Another use case is when an organization has already begun their data classification journey with another vendor like Forcepoint, Symantec or McAffee. If Office365 is in the organization’s roadmap then it is easy to transfer all the custom sensitive information types and regexs’ into Office365. Regex is a universal standard and works across all vendors.

Cyber Attacks are most commonly associated with phishing attacks and most commonly performed by BOTs on the dark web, however in a targeted attack and when the bad actor’s are trying to specify the exact information they are trying to steal from an organization, if this information is classified then there is a very strong chance the bad actors attempt to steal the information will be unsuccessful and the attack will generate alerts and notify the security admins of an organization.

Microsoft have also introduced some new technology: trainable classifiers. Trainable classifiers introduce the power of Azure and AI (artificial intelligence). An organization can choose not to classify their data but let a trainable classifier analyze their data and then report on all the known sensitive information types defined in an organisation’s Office365 tenant.

A Microsoft 365 trainable classifier is a useful tool you can train to recognize various types of content by giving it samples to look at. Once trained, you can use it to identify information for the application of Office sensitivity labels, Communications compliance policies, and retention label policies.

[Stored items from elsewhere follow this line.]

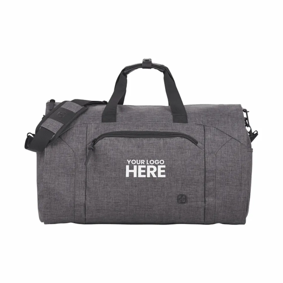 The Wenger Getaway 20 RPET Garment Duffel combines the functionality of a garment bag with the portability and simple elegance of a luxury duffel bag. The main compartment unzips to reveal side sleeves for shoes, designated garment storage and space for an entire weekend’s worth of clothing. The exterior boasts two side accessory pockets and pockets on the front and back of the duffel for last minute items.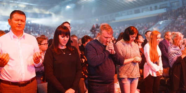 Прихожане Возрождения молятся, поднимая ладона вверх. Фото: vo.org.ua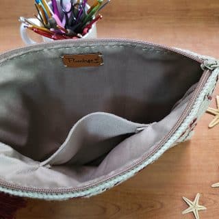 - Handmade café macrame clutch. Has an inner coating, beige zipper & varieties of nude decorations.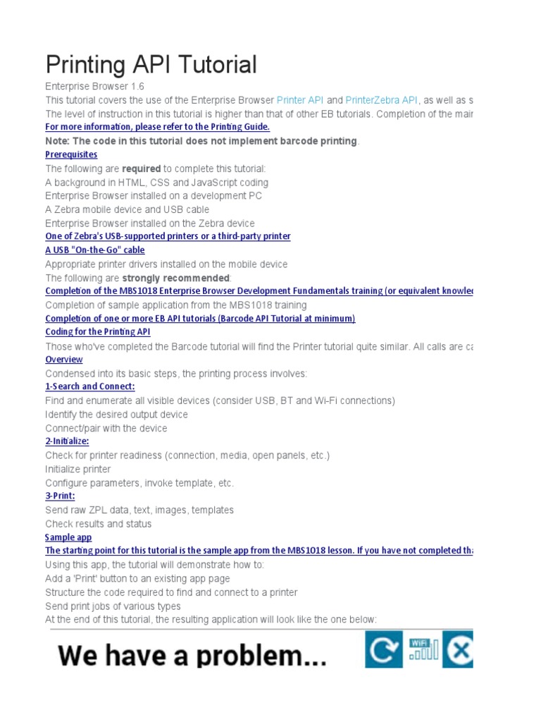This tutorial covers the use of the Enterprise Browser Printer API and PrinterZebra API, as well as some of the typic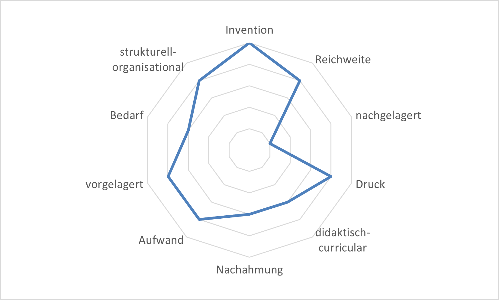 Die Ausprägungen in der Analysespinne sind zeitlich gebunden, d.h. je nachdem ob die sich in der Förderrichtlinie ausdrückende Intention des Mittelgebers, die tatsächlichen Vorhaben in den Projektanträgen auswertet oder ein Programm im Ergebnis vor Augen steht, ergeben sich unterschiedliche Bilder. Die Vermutung ist: Stimmen die Diagramme der Zielsetzung und der Zielerreichung überein, deutet dies auf eine spannungsfreie Realisierung des Programms hin – oder aber auf geringe Inventions- und/oder Nachahmungsambitionen. Umgekehrt zeigt eine fehlende Überschneidung zwischen Ziel und Erreichung, dass die gewünschte Veränderung kaum in der Praxis ankommt. Ein Abgleich der Spinnenprofile zu den verschiedenen Zeitpunkten mag somit auch für die Programmevaluation nützlich sein.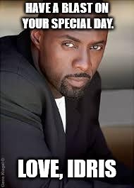 Have a blast on your special day. Love, Idris.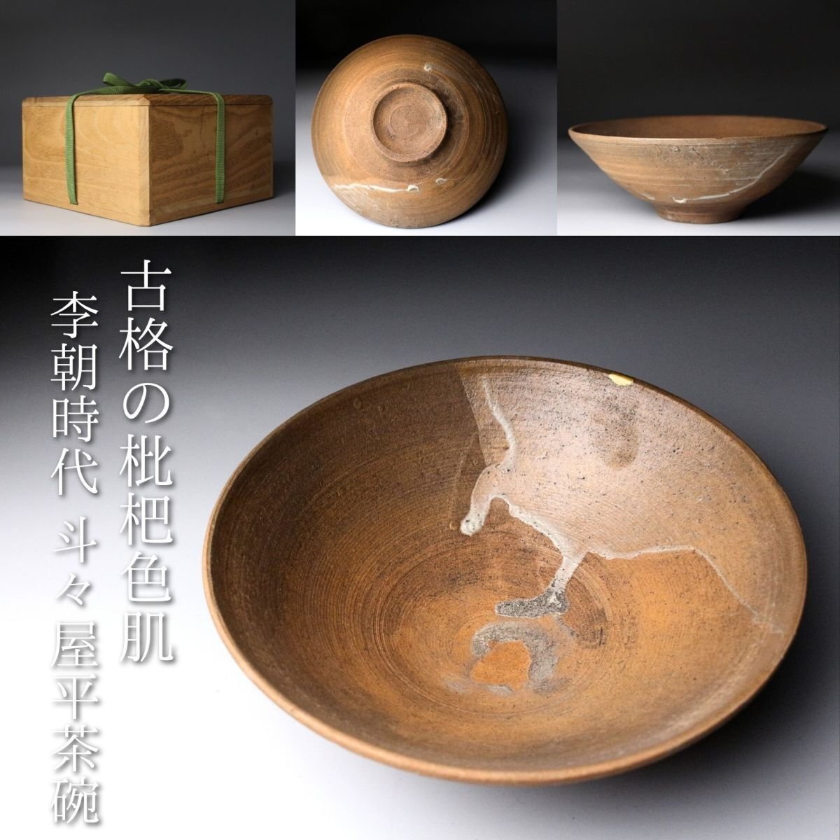 * * * 商品詳細 * * * ここでしか出逢うことのできない唯一の美をご紹介させて頂きます。 古格の枇杷色肌 李朝時代 斗々屋平茶碗 千利休が堺の魚棚より見出したと伝わる「斗々屋茶碗」。 その質朴の美は、やがて茶の湯の根幹をなす「わび」の象徴となりました。 本作は、平斗々屋特有の盞形をなし、浅く穏やかに開く姿はまるで朝顔の花のよう。 控えめな高台の佇まいに、静けさと風格が漂います。 古格の枇杷色肌には、長い歳月を経たやわらかな温もりが宿り、 釉がわずかに掛かることで、素地の風合いが豊かに表れ、李朝陶の素朴な息づかいを伝えます。 手に取れば、掌にしっとりと馴染み、指先を通して伝わる温もりが、 利休の美学 ― 侘び寂びの精神 ― を今に語りかけるようです。 茶席に静かなる風情を添える、まさに時代の風が息づく一碗。 この機会に、心静かにその趣をお楽しみください。 ■商品内容/ 茶碗、箱 ■サイズ/横18㎝×高10㎝ 箱:横15.5㎝×高5㎝ ■状態/ 経年によるスレ、小傷、汚れ 箱にスレ、小傷、汚れがございます。 ※写真にてご確認、ご了承の上ご入札下さい。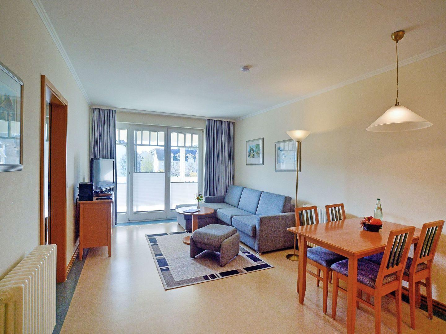 Wohnraum, 2 Schlafzimmer, eingerichtete Küchenzeile mit Geschirrspüler, Mikrowelle, Bad mit Dusche/ WC, Balkon, LCD-Flachbildfernseher, DVD-Player, Stereo-Anlage, Haustiere nicht erlaubt, Nichtraucher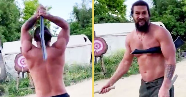 Jason Momoa Is Teaching His Son The No-Look Ax Throw While Quarantined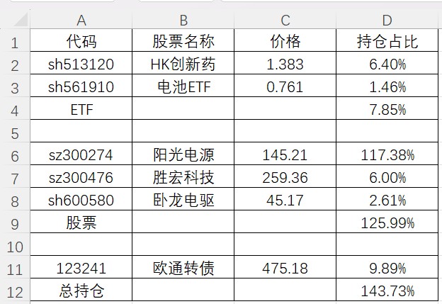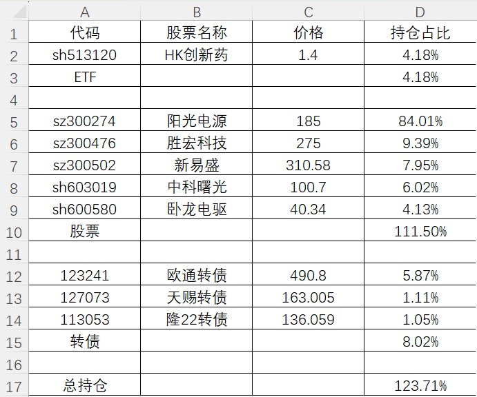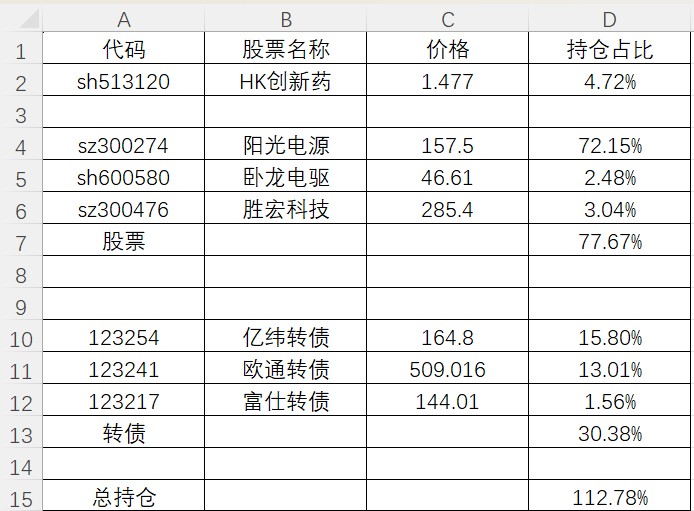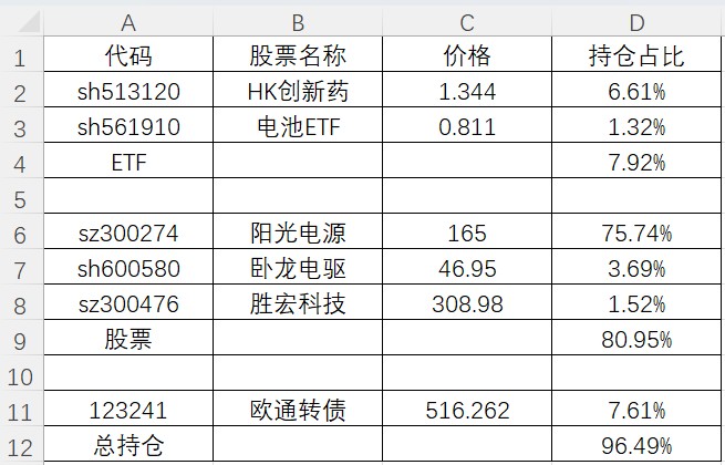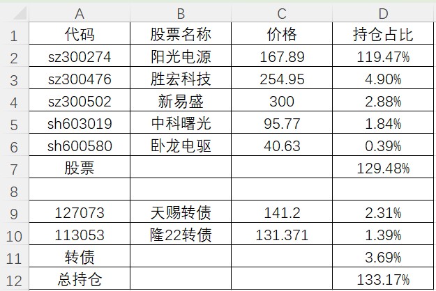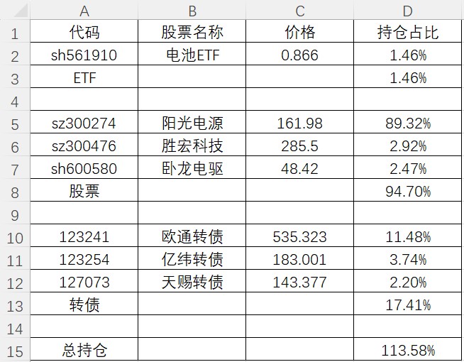 建仓阳光电源,加仓卧龙电驱再被套。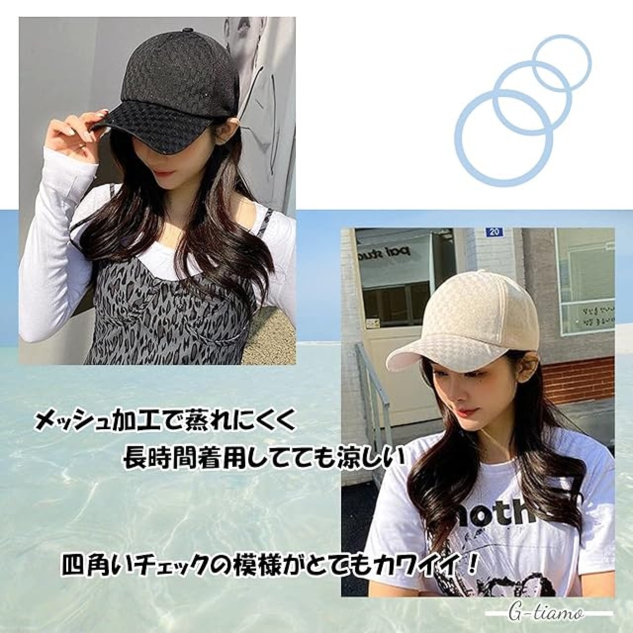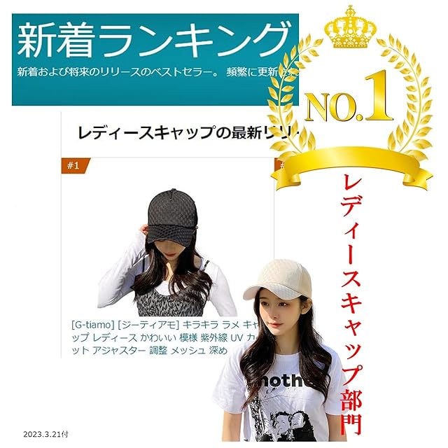 [G-tiamo] [ジーティアモ] キラキラ ラメ キャップ レディース かわいい 模様 紫外線 UV カット アジャスター 調整 メッシュ 深め ギンガム チェック 小顔 帽子 きゃっぷ ぼうし ボウシ 黒 ブラック 白 ホワイト 可愛い カワイイ お洒落 オシャレ 日除け サイズ 軽量 小さい 日よけ (アイボリー) | AVENIR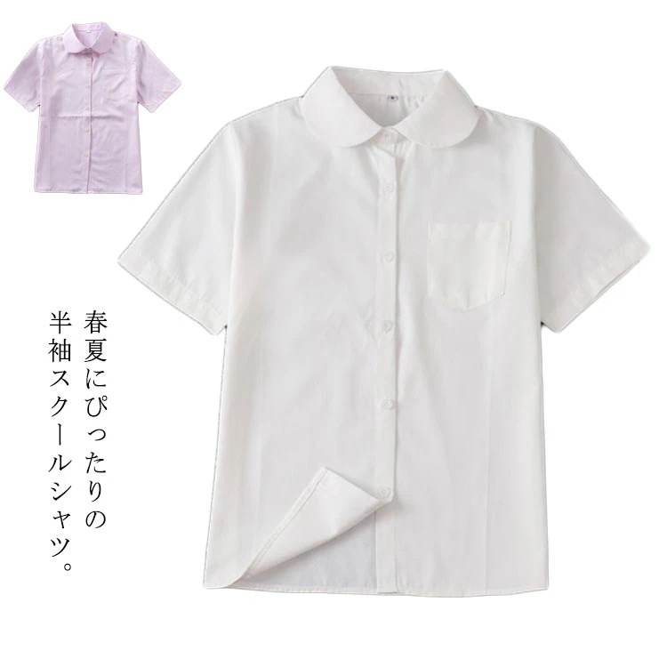 シャツ 丸襟 半袖 ブラウス 制服 透けない ホワイト 学生服 シャツ 高校生 中学生 女の子 半袖シャツ 白 ピンク 通学 丸衿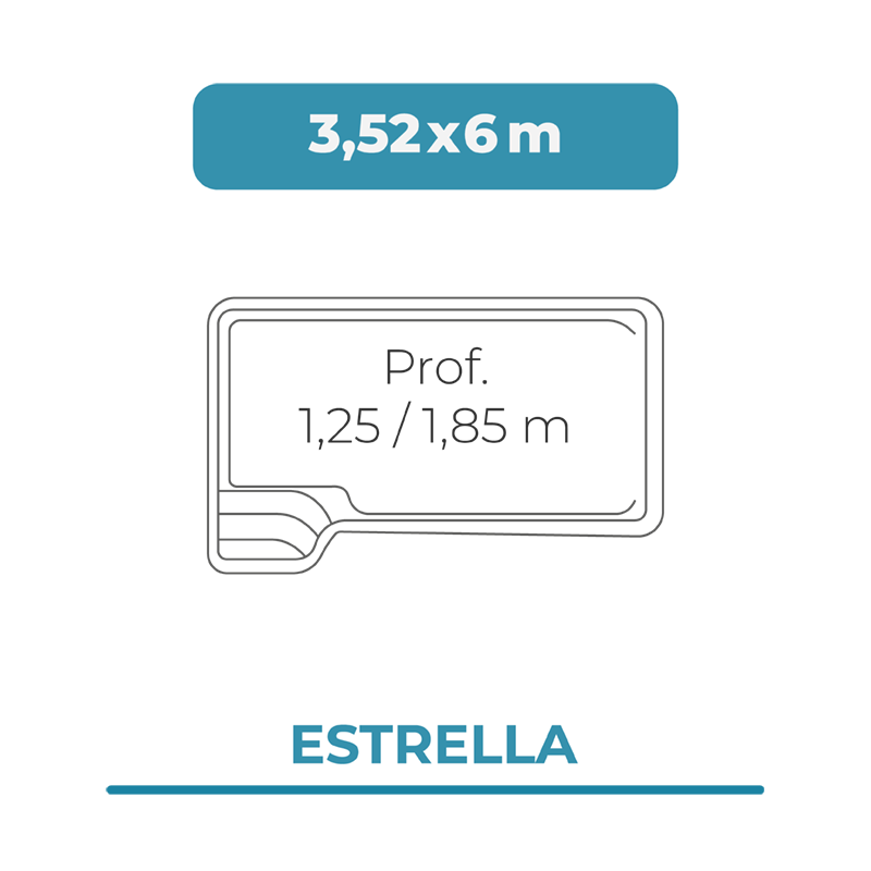 A cobertura para piscina 3,52 x 6 modelo Estrella é uma cobertura especificamente concebida com as medidas para uma piscina DTP ou qualquer outra marca com as mesmas dimensões.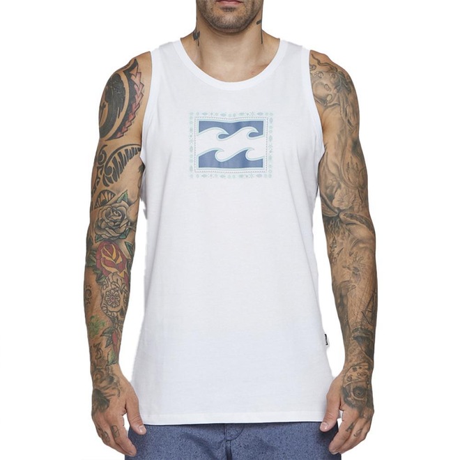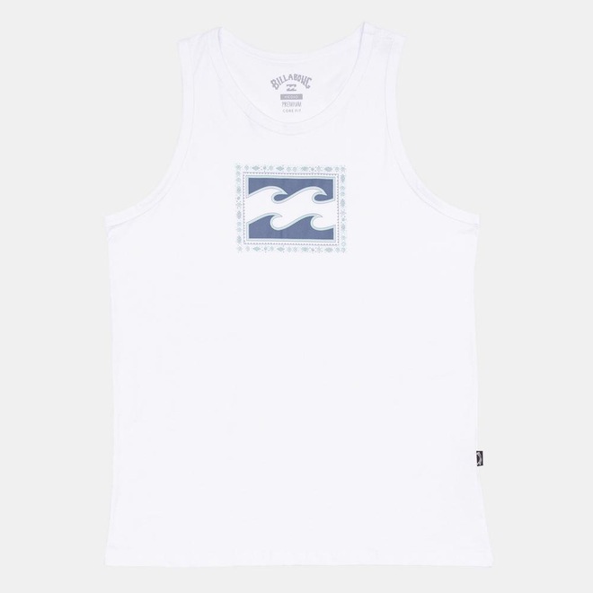Regata Billabong feita em meia malha penteada de algodão fio 30.1, modelagem core fit, estampa aplicada no peito e etiqueta personalizada.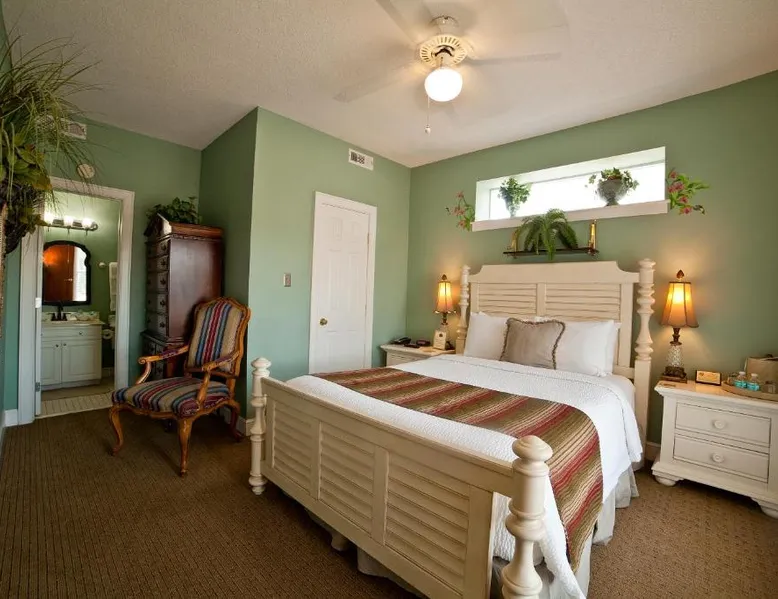 Elegant Accommodations: DeSoto Beach Bed and Breakfast in Tybee Island offers adults-only rooms with private bathrooms, air-conditioning, and sea views. Each room includes a balcony or patio, soundproofing, and modern amenities such as a microwave and TV. Exceptional Facilities: Guests enjoy a sun terrace, lush garden, and a year-round outdoor swimming pool with a view. Free WiFi is available throughout the property, ensuring connectivity. Additional facilities include a lounge, outdoor seating area, and picnic spots. Comfortable Amenities: The bed and breakfast provides free on-site private parking, bicycle parking, and a tour desk. Free toiletries, fruits, and champagne are offered in each room, enhancing the stay experience. Prime Location: Located a few steps from Tybee Island Beach, the property is 25 mi from Savannah/Hilton Head International Airport. Nearby attractions include Savannah Bend Marina (13 mi) and Tidewater Boatworks Marina (14 mi). Guests appreciate the friendly host and excellent service. This suite's standout feature is the pool with a view. Featuring a private entrance, this air-conditioned suite is consisted of of 1 living room, 1 separate bedroom and 1 bathroom with a shower and a hairdryer. This suite features soundproof walls, a dining area, flat-screen TV with cable channels, as well as wine/champagne for guests. The unit offers 1 bed.

Source: Get started with trainable classifiers – Microsoft 365 Compliance | Microsoft Docs

The security component to complete the overall Microsoft suite was lacking but has been resolved by Microsoft releasing Microsoft Defender for EndPoint. Microsoft Defender for Endpoint integrates seamlessly with MCASB (Microsoft cloud app security broker) and enforces corporate security policies for devices that are not connected to the corporate LAN – which is a likely scenario, during the current Covid-19 Pandemic.